Architecture is not only about designing buildings, it’s also about understanding how people perceive and experience space. An architect’s ability to observe, interpret, and imagine the built environment plays a fundamental role in shaping meaningful design. In this sense, visual awareness and cognitive imagination are two essential capabilities that form the foundation of Architectural thinking.

The Architect’s Guide to visual awareness begins with learning how to see. Architects must train their eyes to observe spatial relationships, materials, light, and human interaction with the environment. At the same time, they must develop cognitive imagination, two essential capabilities that form the foundation of Architectural thinking.
Cognitive imagination and visual awareness

Developing multiple skills is essential for the architectural profession, visual awareness and cognitive imagination remain most important. These skills influence how architects perceive the world and how they create spatial solutions. Visual awareness defines the training of the eye to observe, interpret, and analyze spaces, forms, light, and human interaction with the built environment.
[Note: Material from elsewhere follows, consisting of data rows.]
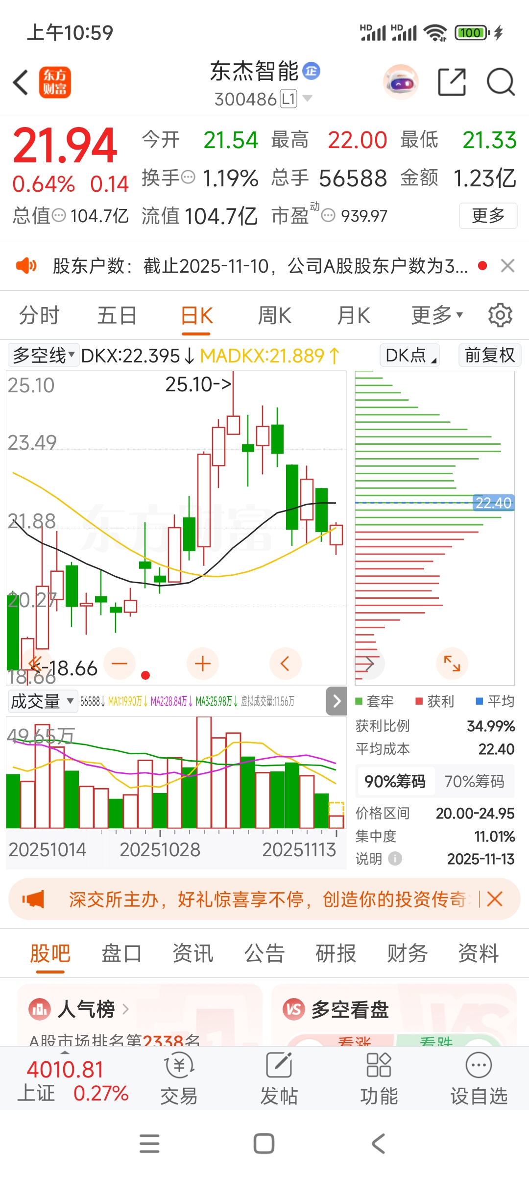 $东杰智能(SZ300486)$ 自前天发筹码集中度到11.01,昨天至今天筹码集中度一变不变了,这是被控制了还是真的一点没变动?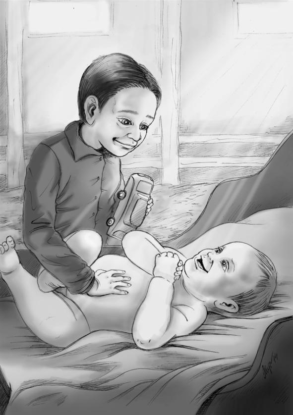 Дэн уже успокоился и притих, прижимая машинку к груди. Он внимательно следил, как играет его названная сестра.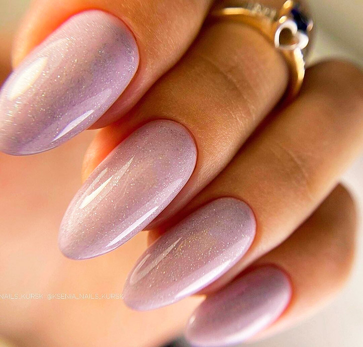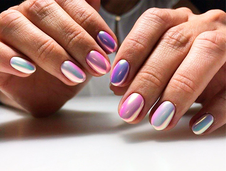 Вы можете использовать перламутровый лак выбранного оттенка. Но мы предлагаем сделать более уточненный и глубокий маникюр, используя жемчужную втирку.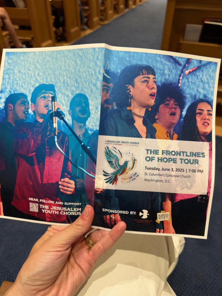 What I found there felt like oxygen: Israeli and Palestinian youth singing together in Hebrew, Arabic, and English — their harmonies rising beneath stained glass.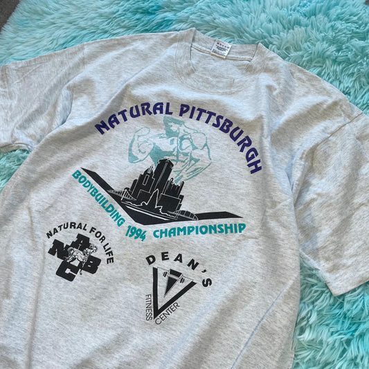 Vintage 90s Grey Bodybuilding Graphic T Shirt - XL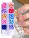 12 格粉色红色水钻雪花混合可爱指甲饰丝带蝴蝶结圣诞美甲设计月亮星星宝石白珍珠美甲装饰套装节日美甲沙龙 DIY 用品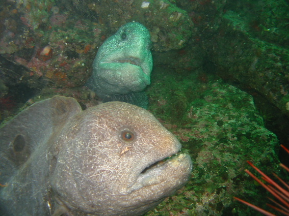 | I was lucky enough to get both male and female together. The male had gone back into the den after the female darted out to eat my camera housing. The explanation is that I had my camera lanyard around my wrist and I wanted to get it off and hook it to my BC so I could reach out with my hand. I set the camera down on a rock in front of me and the next thing I knew, the female had darted out of the den, straight for my camera. Part of the plastic on the Canon housing is orange, and the inside of the spiny urchin is also orange. I guess the wolf eel thought, "yum, urchin". It stopped before it bit my housing, but I was surprised to say the least. |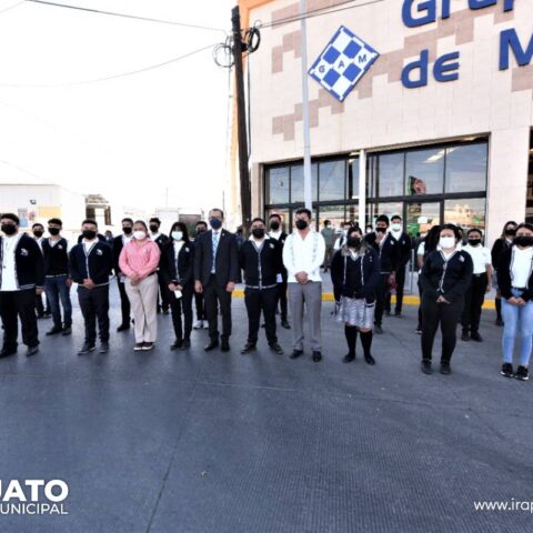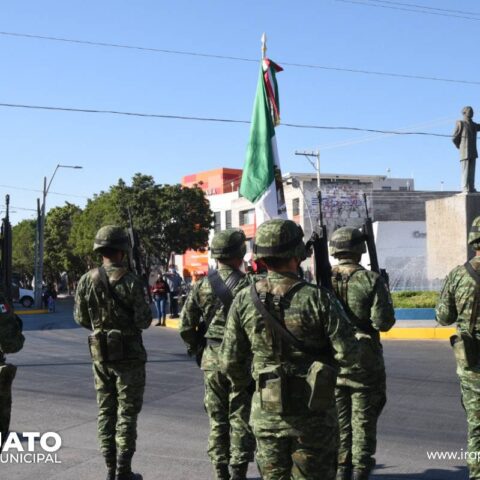 Irapuato, Gto. 21 de marzo del 2022.- Junto a personal del Ejército y alumnos del CECyTEG, autoridades municipales conmemoraron el 216 Aniversario del Natalicio de Benito Juárez.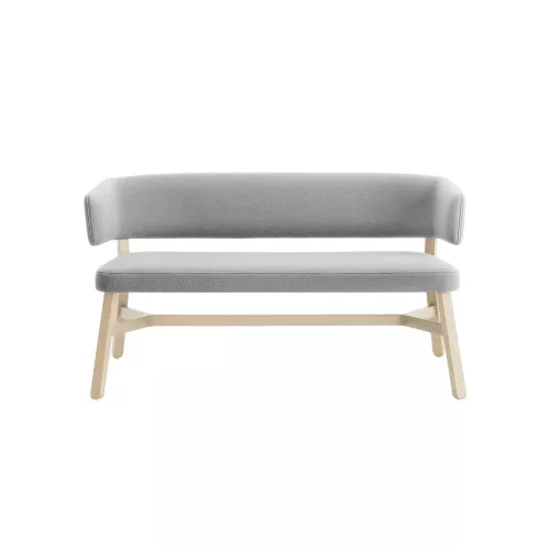 Croissant 573 is a contemporary upholstered sofa designed for horeca interiors. Built on a solid beech wood frame, it features a comfortable padded seat and backrest. The frame is available in standard stains or custom RAL colors. Its durable upholstery, available in a wide range of professional fabrics or faux leather, makes it ideal for commercial settings of any style.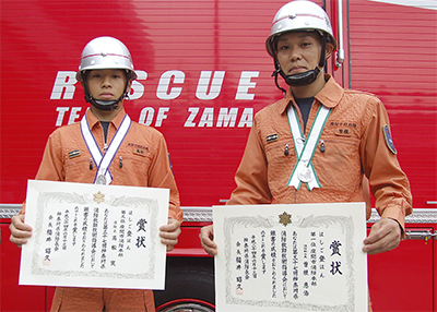 6月13日に厚木市で開かれた「県消防救助技術指導会」のはしご登はん部門で、座間市消防本部の曽根恵治隊員(27)と高松寛隊員(24)が、それぞれ1位と3位に輝いた。曽根隊員は県代表として、8月に開かれる全国消防救助技術大会への出場が決まった。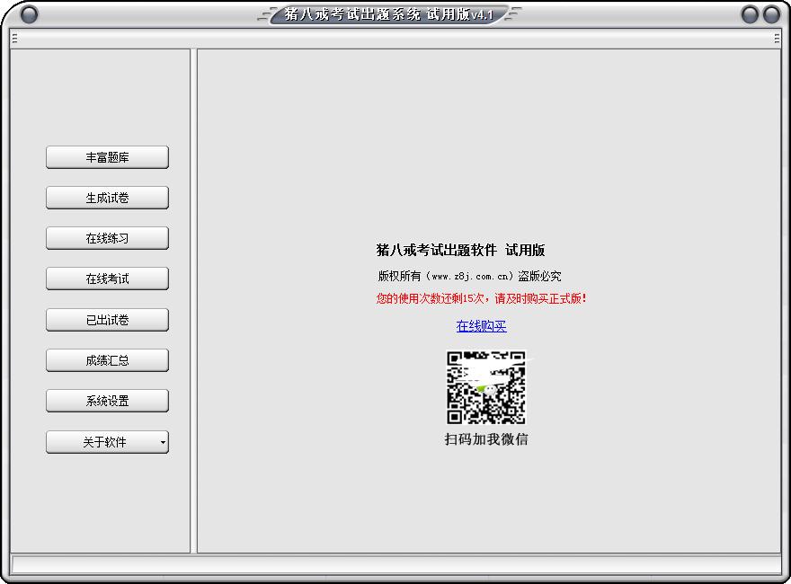 猪八戒考试出题软件破解版是款可以免费使用的考试出题软件,它可以帮助出题者快速生成各类专业题型,快速做出一个满意的试卷,用户可以在短时间内轻松完成试题录入、组卷、排版等工作,并可以根据配置参数生成试卷和答案,实现了题库与试卷统一和规范化管理,操作简单,方便快捷,非常好用。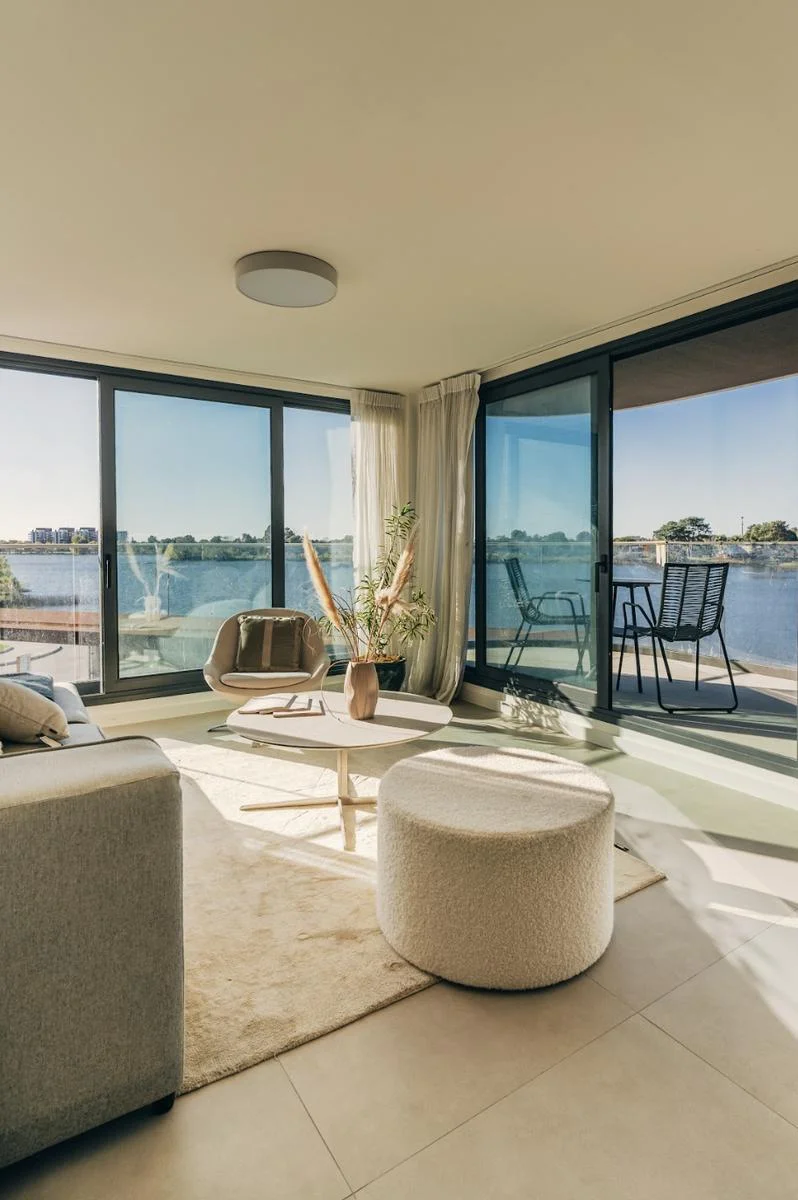 Construido a orillas de un lago de 8 hectáreas, ideal para los deportes acuáticos, paseos en kayak o simplemente para disfrutar el marco natural, ya sea en un paseo por sus orillas o desde los apartamentos con vistas 360.

It helps architects to identify design elements, including line, shape, form, texture, space, color, and light. Cognitive imagination, the other side, is a manipulative mental process of “viewing, altering, and combining images are called cognitive imagination (McGinn, 2004). Through the process, one shapes and unifies distinct images or parts of images, forming them. This allows a creation via empathy and designing for cultural context. (Dudzik, n.d.)
The ability of well-built cognitive imagination and visual awareness leads to visual literacy. Creating a new kind of design based on sketching and implementing from memory. According to Matthew Dudzik’s paper, there is an intimate relationship between the cognitive and perceptual processes that are brought to bear on the recall and design tasks and idea sketching” (Kavakli & Ball, 1998, p.485). This process of dissection and recreation, made possible by visual literacy, can help the designer comprehend the numerous influences at play in the design of the built environment. (Dudzik, n.d.)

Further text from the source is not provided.